The following code looks at three models’ forecasts of incident
deaths at one time point for one location. Note the use of the
fill_by_model
option which allows colors to vary by model
and the facet
command which is passed to ggplot.
fdat <- load_forecasts(
models = c("Karlen-pypm", "UMass-MechBayes", "CU-select"),
dates = "2021-03-08",
source = "zoltar",
date_window_size = 6,
locations = "US",
types = c("quantile", "point"),
verbose = FALSE,
targets = paste(1:4, "wk ahead inc death")
)
p <- plot_forecasts(fdat,
target_variable = "inc death",
truth_source = "JHU",
intervals = c(.5, .95),
facet = . ~ model,
fill_by_model = TRUE,
plot = FALSE
)
p +
scale_x_date(name = NULL, date_breaks = "1 months", date_labels = "%b") +
theme(
axis.ticks.length.x = unit(0.5, "cm"),
axis.text.x = element_text(vjust = 7, hjust = -0.2)
)
The following code looks at three models’ forecasts of incident
deaths for multiple locations submitted at the same forecast time point.

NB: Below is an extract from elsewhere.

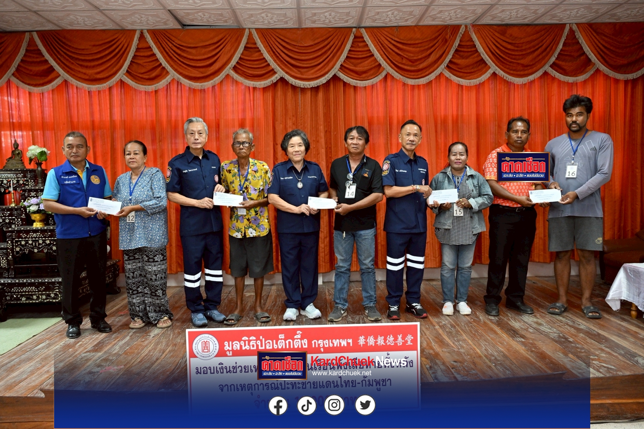 มูลนิธิป่อเต็กตึ๊ง จัดงบฯ กว่า 4.6 แสนบาท ลงพื้นที่จังหวัดอุบลราชธานี ศรีสะเกษ และสุรินทร์ มอบเงินช่วยเหลือกรณีบ้านพังเสียหายทั้งหลังจากเหตุการณ์ปะทะชายแดนไทย-กัมพูชา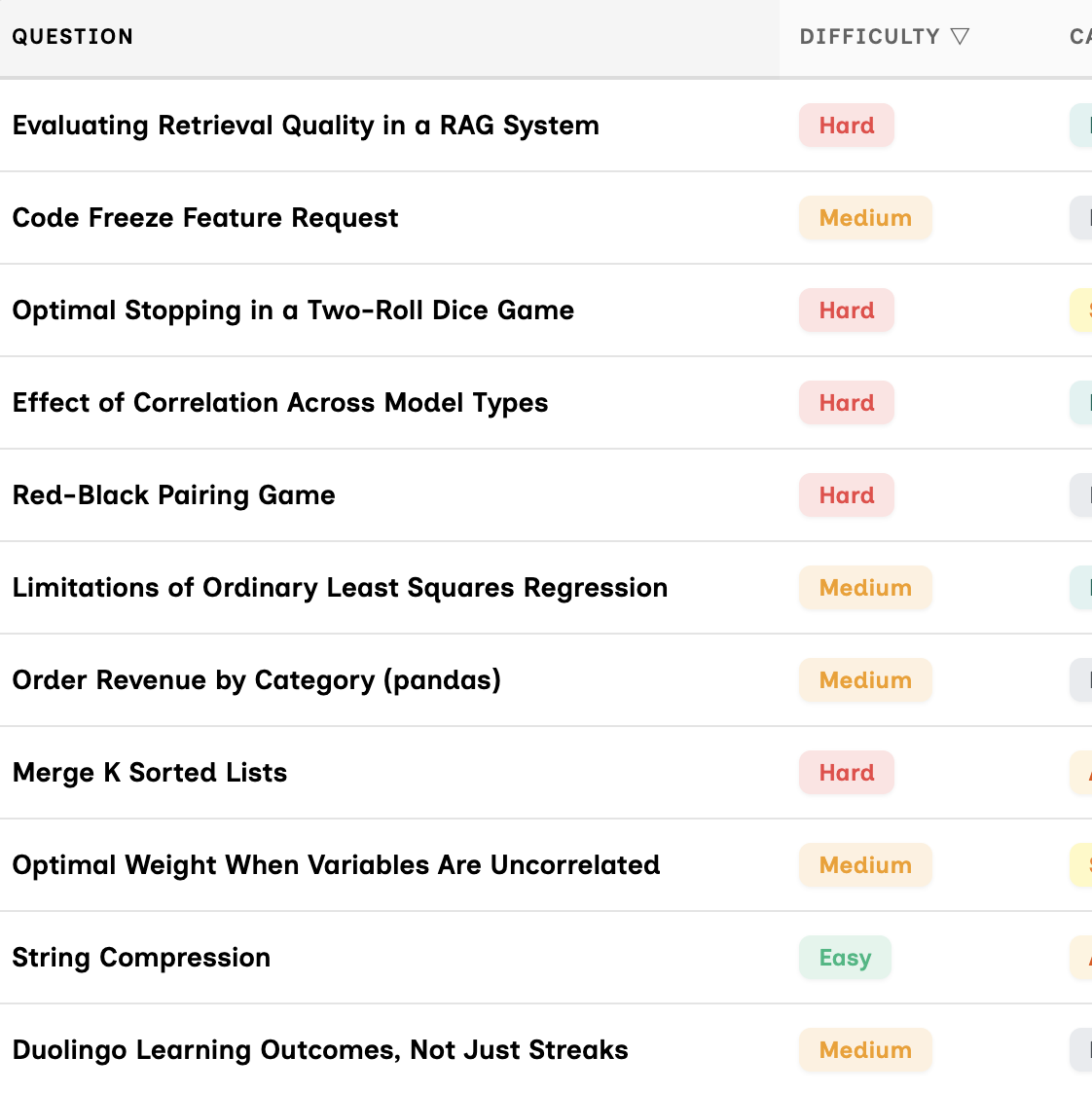 A curated question bank covering coding, SQL, machine learning, system design, and technical reasoning. Each question is designed to build core concepts and problem-solving frameworks, not memorization.

Note the use of the facet_scales
option which is passed to
ggplot
and allows the y-axes to be on different scales.
fdat <- load_forecasts(
models = c("Karlen-pypm", "UMass-MechBayes", "CU-select"),
dates = "2021-03-08",
source = "zoltar",
date_window_size = 6,
locations = c("19", "48", "46"),
types = c("quantile", "point"),
verbose = FALSE,
targets = paste(1:4, "wk ahead inc death")
)
p <- plot_forecasts(fdat,
target_variable = "inc death",
intervals = c(.5, .95),
truth_source = "JHU",
facet = location ~ model,
facet_scales = "free_y",
fill_by_model = TRUE,
plot = FALSE
)
p +
scale_x_date(name = NULL, date_breaks = "1 months", date_labels = "%b") +
theme(
axis.ticks.length.x = unit(0.5, "cm"),
axis.text.x = element_text(vjust = 7, hjust = -0.2)
)
The following code looks at two models’ forecasts of incident deaths for the same location at three different forecast time points.
fdat <- load_forecasts(
models = c("Karlen-pypm", "UMass-MechBayes"),
dates = seq.Date(as.Date("2020-12-13"), as.Date("2021-03-14"), by = "28 days"),
locations = "US",
types = c("quantile", "point"),
targets = paste(1:4, "wk ahead inc death"),
verbose = FALSE
)
p <- plot_forecasts(fdat,
target_variable = "inc death",
truth_source = "JHU",
intervals = c(.5, .95),
facet = . ~ model,
fill_by_model = TRUE,
plot = FALSE
)
p + scale_x_date(name = NULL, date_breaks = "1 months", date_labels = "%b") +
theme(
axis.ticks.length.x = unit(0.5, "cm"),
axis.text.x = element_text(vjust = 7, hjust = -0.2)
)
By default plot_forecasts()
uses JHU CSSE data as the
“Observed Data” in the above plots. However, users can specify custom
“ground truth” data that either they provide themselves or that is
loaded in from the package.
Here is an example of a call to plot_forecasts()
that
simply specifies an alternate truth source, which must be one of “JHU”,
“HealthData” or “NYTimes”.
plot_forecasts(
forecast_data = forecasts_case,
target_variable = "inc case",
locations = "US",
truth_source = "NYTimes",
intervals = c(.5, .8, .95)
)
Alternatively, truth data can be loaded in from one of those sources
independently and stored in your active R session and passed to the
plot_forecasts()
function.
truth_data <- load_truth(
truth_source = "JHU",
target_variable = "inc case",
locations = "US"
)
Truth data comes in the following tabular format.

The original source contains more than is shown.